Matured Cheddar, Blue Stilton! The German chain supermarket leaflet even also showed proper British-baked digestive biscuits and Scottish shortbread. To say nothing of those lemon muffin cup-cakes. Fish and Chips too! Definitely worth a visit to our local Lidl store. Of course, many snobs will censure us for admitting a craving to buy British food in a country boasting some of the finest culinary products in the world. (Italy has 267 protected food products as distinct from the UK’s 69). However, others may sympathise with us who have been reared largely on solid (or stolid?) British fayre.
After our brilliant morning yoga session in Bagni di Lucca’s public garden under the guidance of guru Martyn Sheldon we decided we’d indulge in shopping for British food, jump into the car and head for Lidl.
Avoiding Lucca’s outlet which we thought might have already sold out of the precious vitals we chose to head for Pescia’s store.
We selected the Brennero road towards Abetone. Turning off on the mountain road towards the Tibetan-like steepness of Lucchio we headed for the hamlet of Zato. In this little settlement of shepherds we’d previously purchased some really excellent cheese made with milk from the local goat and sheep herds.

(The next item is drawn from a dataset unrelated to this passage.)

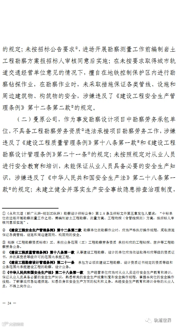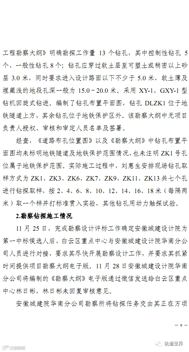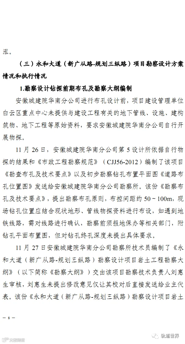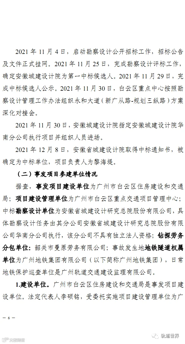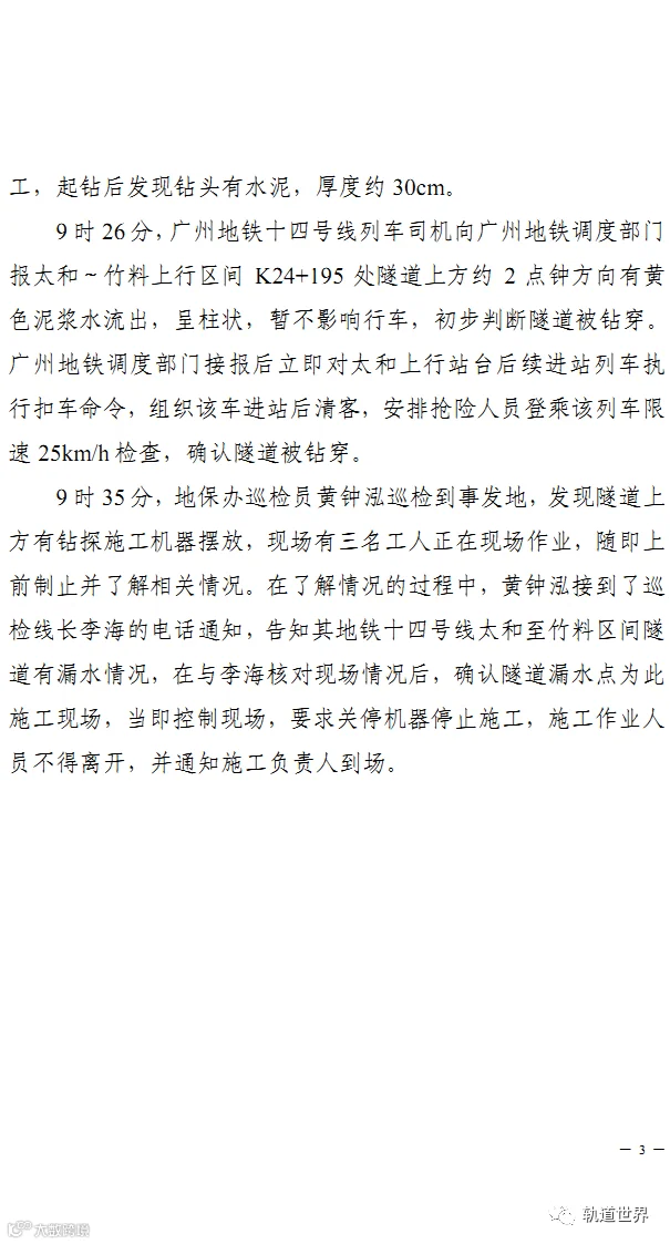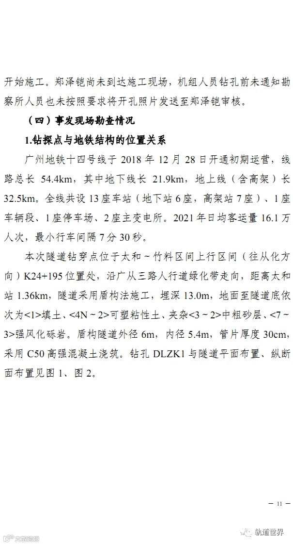 2021年12月8日清晨7时许,永和大道(新广从路-规划三纵路)项目三名勘察钻探班组人员,在广州地铁14号线太和-竹料区间隧道上方进行钻探作业时,在未通知技术人员的情况下,按照之前钻深20米的要求进行钻探施工。

Beyond Zato the road’s asphalt surface disappeared and we started to manoeuvre bumpily over a gravelly and stony surface made up of red rocks and earth. However, because of the weeks of almost rainless weather although the going was slow it was not too hard thanks to our four-wheel-drive veteran Fiat Panda and Sandra’s brilliant rally-honed advanced driving skills.
At the top of the trail the tiny chapel of Croce a Veglia, a timber cross and a stupendous view greeted us. To the north the Lima valley stretched to the Apennines of Abetone. To the south the softer contours of the Pesciatina valley, (also known as the Pesciatina Switzerland because of its similarity to certain landscapes in the centre of that country) spread before our wondering eyes…















It was a truly glorious panorama. I thought to myself how different this was from a standard trip on a number 53 bus to our local Lidl store in south-east London!
The road suddenly regained its asphalted surface and we traversed past the ten ‘castelli’ or ancient villages of the valley. I have described this charming area of the Apennines in previous posts at:
And at
Tuscany’s Own Switzerland | From London to Longoio (and Lucca and Beyond) Part Two (wordpress.com).
so won’t here!






Reaching Pescia we had a pit stop at a friendly bar close to the ancient church of San Francesco which boasts the oldest known portrait of the saint who preached to the birds and tamed a wolf.

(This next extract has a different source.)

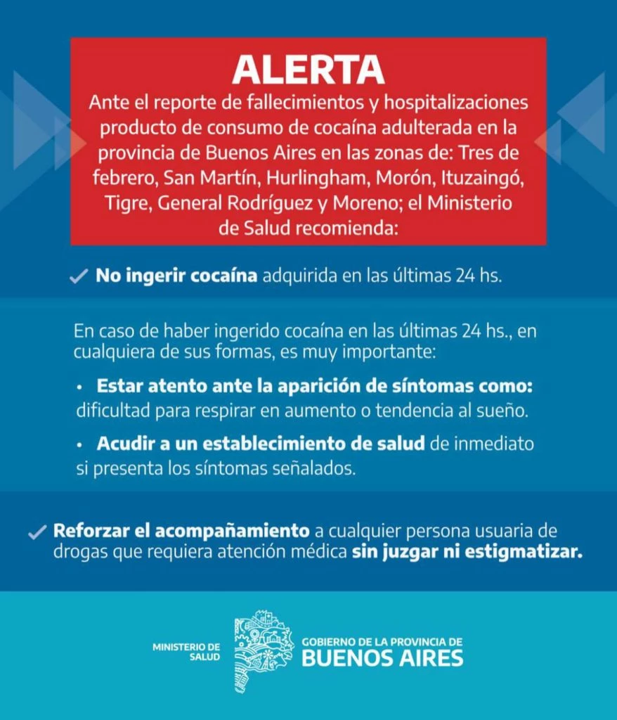 Asimismo, lo más preocupante de este caso es que la cifra de muertos puede ascender: “Se informa que hay fallecidos en la vía pública y en domicilios, por lo que aún no se pudo identificar la cantidad”. Ante esto, desde el ministerio de Salud bonaerense se emitió una alerta epidemiológica por “intoxicación por consumo de cocaína adulterada”.

Pescia is a delightful Tuscan city without any of the ghastly tourist crowds infesting Florence and now unfortunately Lucca. It has a lot going for it including the Palio festival which takes place at the start of September. (For details see Palio Città Di Pescia – Un tradizione che non passa mai di moda (paliocittadipescia.it)).
I’ve written extensively on Pescia in my posts at Strawberries at Montecarlo and Mediaeval Times in Pescia | From London to Longoio (and Lucca and Beyond) Part Two (wordpress.com)
and at:
We then headed for the object of our expedition: Lidl. Not as crowded as Lucca’s branch, Pescia retains the lines which makes this an appealing place to shop and ….we did find those English food products including the prized Blue Stilton!
As it was Fish Friday on our return to base camp at our new home we put the fish and chip packet to good use only to discover that in fact the fish was a strange breed from Alaska and that the whole lot refused to produce the characteristic batter when fried but dissolved itself into a milky stew. What eventually emerged was a sort of fish kedgeree and certainly not what was promised on the cover illustration. However, as by this stage we had become rather hungry we munched our way through the whole lot and found it quite palatable.
The lemon cup-cake muffins went rather better and I made up a dessert with them adding lemon sorbet which went down a treat in the still super-hot evenings our area continues to experience.

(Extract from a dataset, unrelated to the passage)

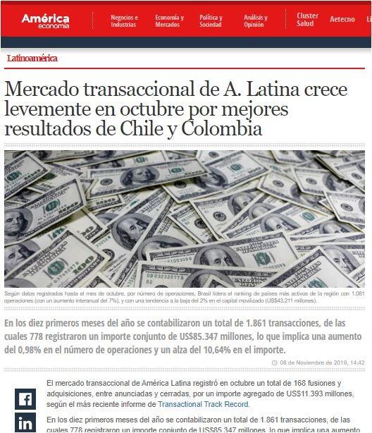 El mercado transaccional de América Latina registró en octubre un total de 168 fusiones y adquisiciones, entre anunciadas y cerradas, por un importe agregado de US$11.393 millones, según el más reciente informe de Transactional Track Record.

My verdict on our expedition to Pescia’s Lidl? It’s OK if one likes to do some skilful off-road driving and encounter some of the most breathtaking views in our part of the world. However, it may be somewhat more convenient to head for the Lucca store using the standard route in future. (PS we did return from Pescia via Marlia…)
And as for that ‘British food’. It’s all right for a taste every now and again if such patriotic cravings cannot be resisted. However, we are residents in Italy and wish to fully immerse ourselves in that country’s experiences, integrating our tastes with its extraordinary culture extending from artist’s studios to sports cars engineering works to haute couture to the delights of its multifarious culinary traditions. I think, under the circumstances, that even we can afford to go without Blue Stilton and, instead, eat equally delicious Gorgonzola!
Having written this I am reminded of an elderly English couple who used to live in the Bagni area but have since removed to France. They invited me once to Sunday lunch at their place. It was a truly delicious spread and very British with roast beef, boiled potatoes, mint sauce and carrots followed by apple pie and custard. I felt very nostalgic and commented ‘how wonderful that you have managed to create a truly traditional Sunday lunch.’ ‘But that’s the way we usually eat here’ replied the cook. I later discovered that the most this otherwise very personable couple ventured into Italian food was to order an occasional pizza at the local bar.
It remains, however, a great pity that Italian supermarket shelves, in addition to their own local extraordinary variety of cheeses, are filled with French, Dutch, Greek and German varieties but none from the Island Kingdom! Even before the damnation wrought by Brexit this was still largely the case and now it appears to be even more so. A pity, For what harm could a slab of mature cheddar do on an Italian supermarket shelf I ask myself?